### EXERCISE GOAL
Copy the material below verbatim from the line with "Lass die Mandarinen" to the line with "随后,宜宾市职业技术学校(宜", both lines included, omitting pictures and every line outside that range.

### DATA IN THIS EXERCISE
-----

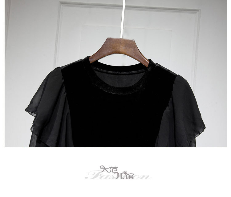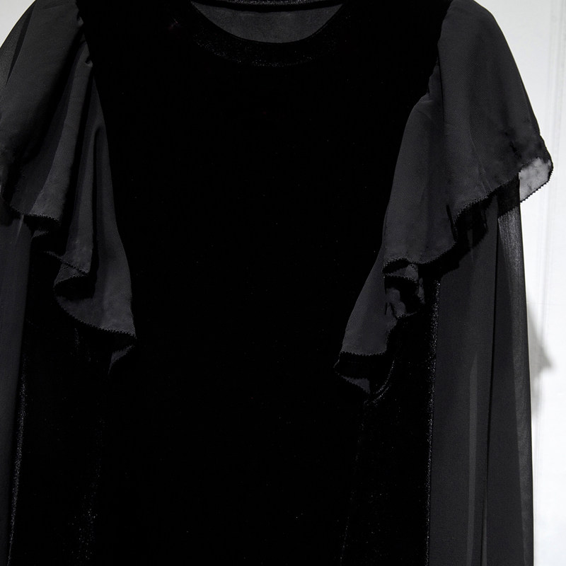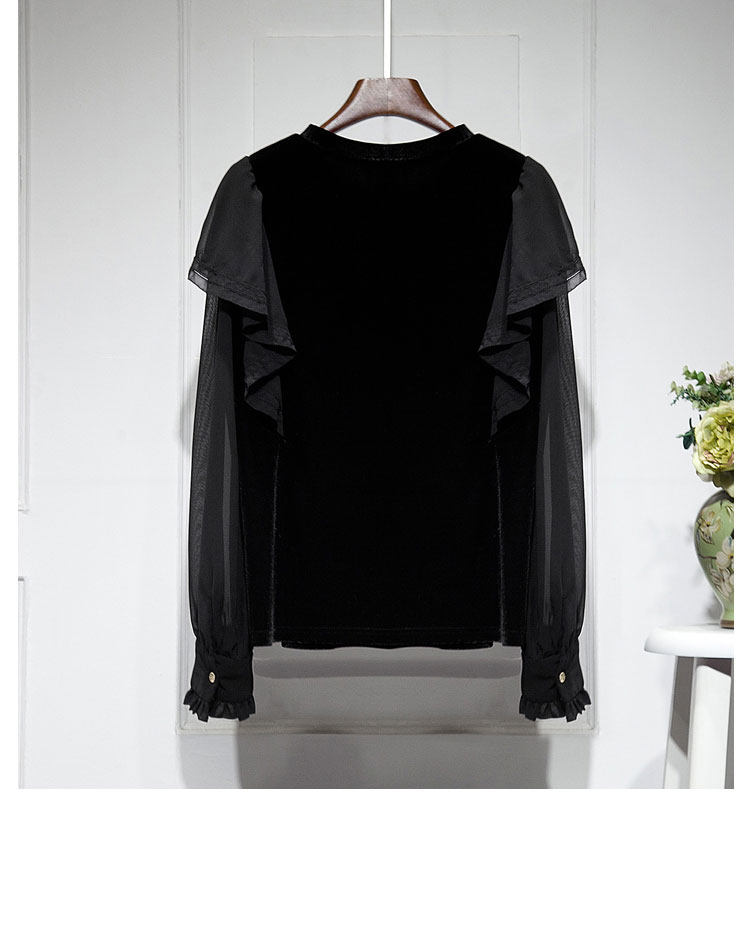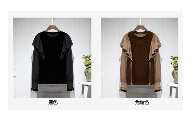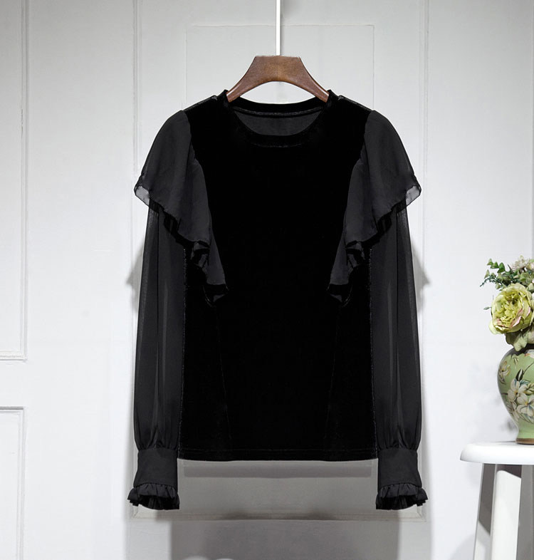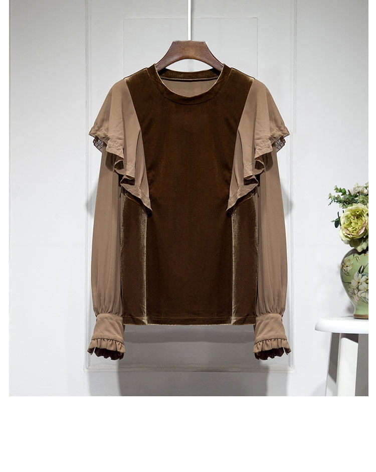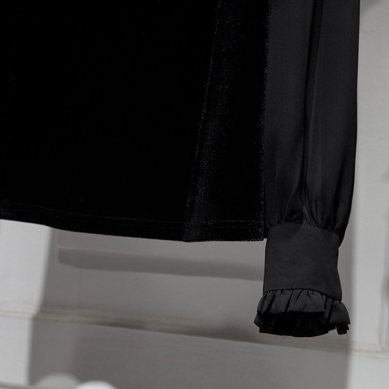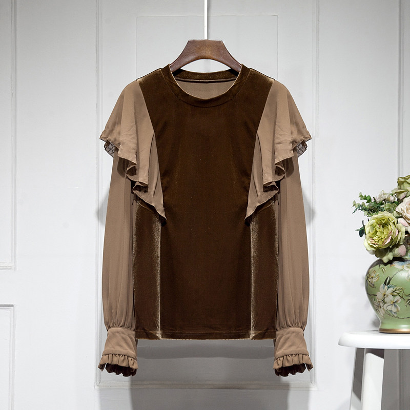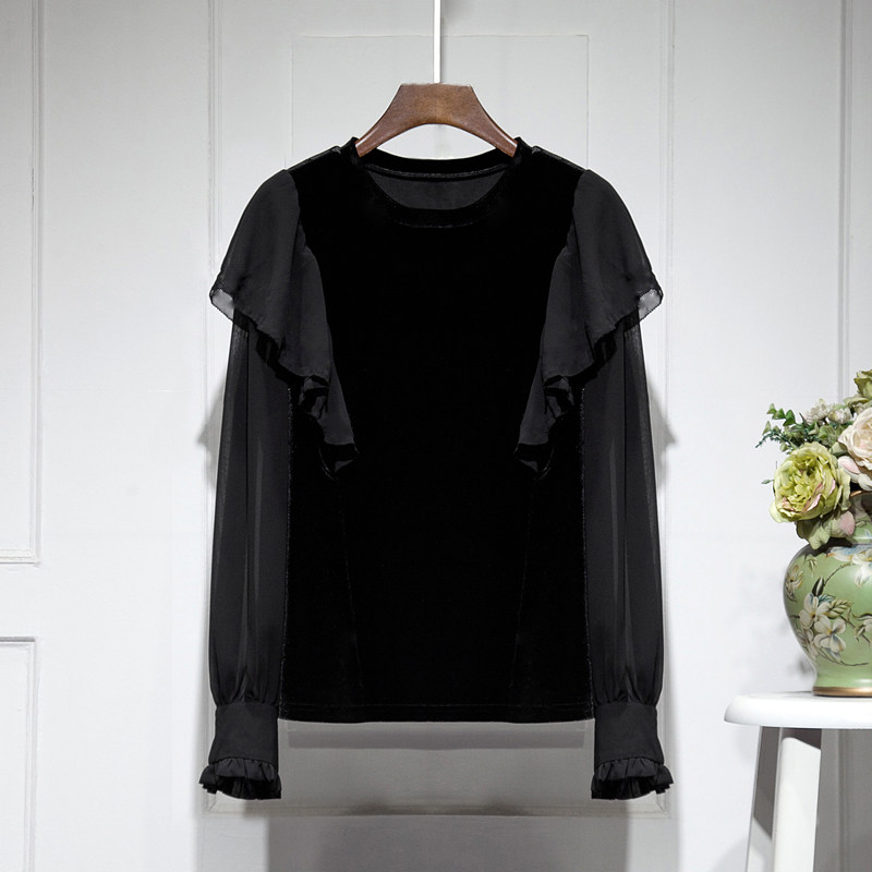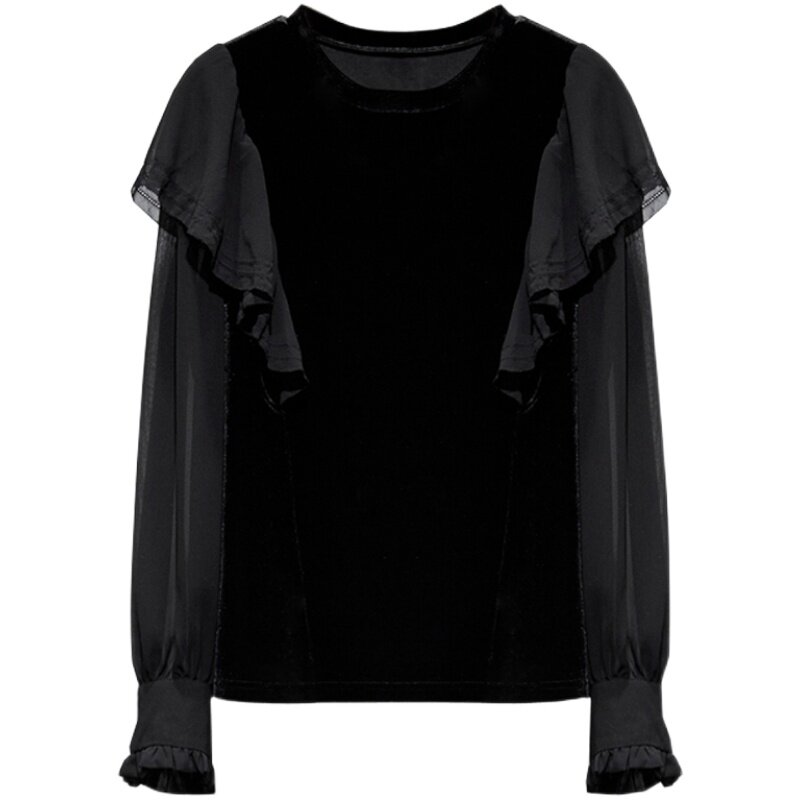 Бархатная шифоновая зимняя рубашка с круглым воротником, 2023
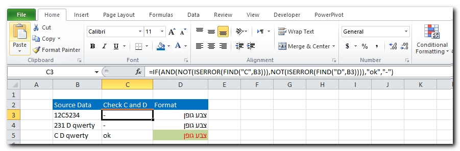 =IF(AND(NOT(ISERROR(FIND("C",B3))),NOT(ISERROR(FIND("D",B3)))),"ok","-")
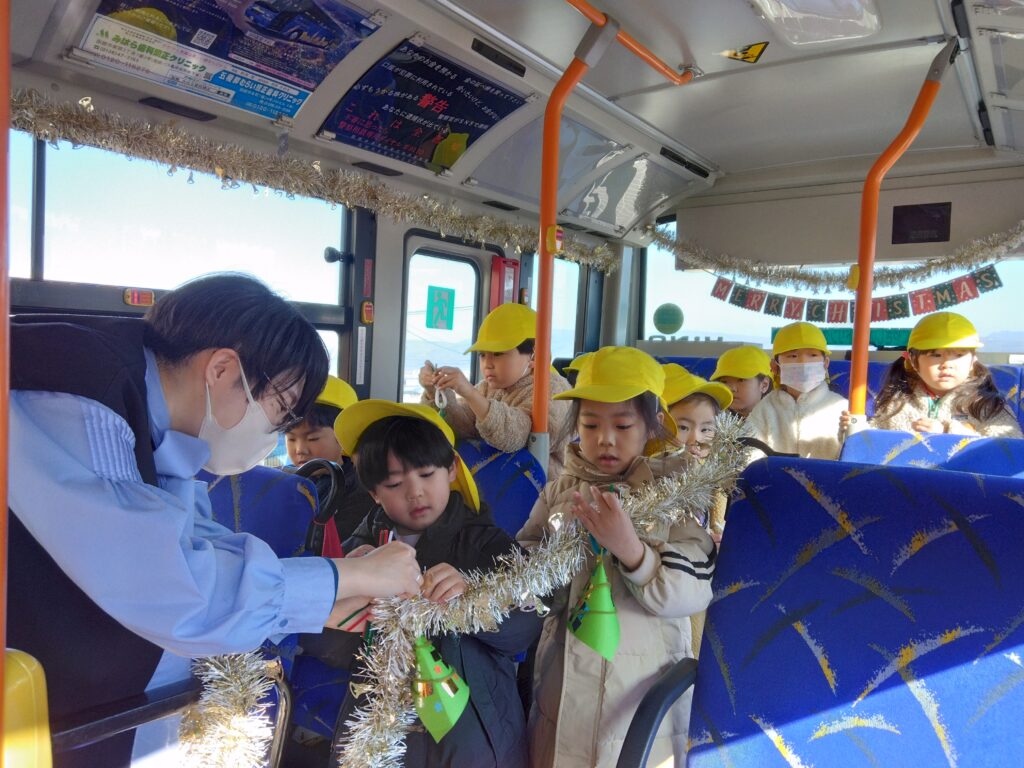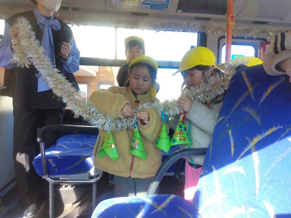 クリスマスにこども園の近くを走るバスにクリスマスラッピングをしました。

-----

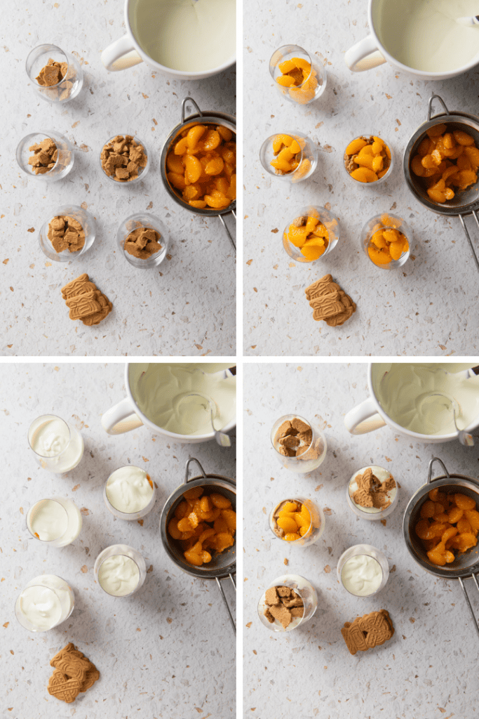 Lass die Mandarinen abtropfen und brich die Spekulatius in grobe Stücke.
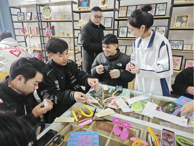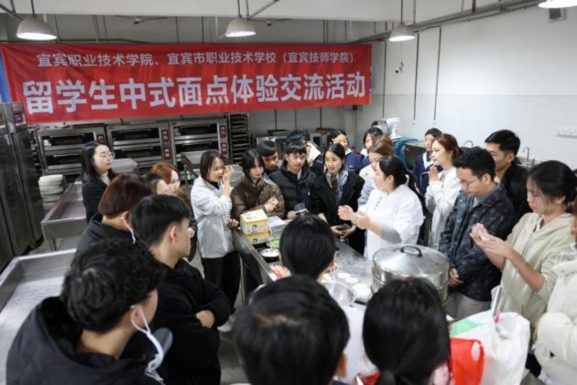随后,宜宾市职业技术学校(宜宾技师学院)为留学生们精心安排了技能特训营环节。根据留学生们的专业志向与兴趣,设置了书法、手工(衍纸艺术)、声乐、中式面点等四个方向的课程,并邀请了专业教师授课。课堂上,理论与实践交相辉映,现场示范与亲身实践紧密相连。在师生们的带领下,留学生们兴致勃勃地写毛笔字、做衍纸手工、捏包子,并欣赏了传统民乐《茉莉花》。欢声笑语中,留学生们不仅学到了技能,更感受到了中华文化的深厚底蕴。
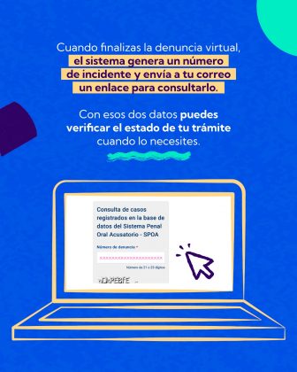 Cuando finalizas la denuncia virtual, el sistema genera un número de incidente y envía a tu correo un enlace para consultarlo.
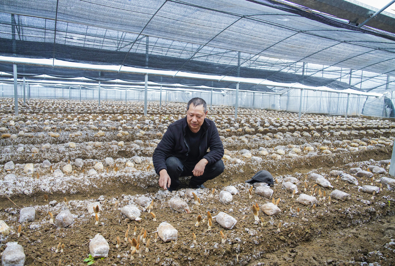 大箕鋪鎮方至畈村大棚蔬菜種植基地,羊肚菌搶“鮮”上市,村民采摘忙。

-----

### FINAL ANSWER
 Lass die Mandarinen abtropfen und brich die Spekulatius in grobe Stücke.
随后,宜宾市职业技术学校(宜宾技师学院)为留学生们精心安排了技能特训营环节。根据留学生们的专业志向与兴趣,设置了书法、手工(衍纸艺术)、声乐、中式面点等四个方向的课程,并邀请了专业教师授课。课堂上,理论与实践交相辉映,现场示范与亲身实践紧密相连。在师生们的带领下,留学生们兴致勃勃地写毛笔字、做衍纸手工、捏包子,并欣赏了传统民乐《茉莉花》。欢声笑语中,留学生们不仅学到了技能,更感受到了中华文化的深厚底蕴。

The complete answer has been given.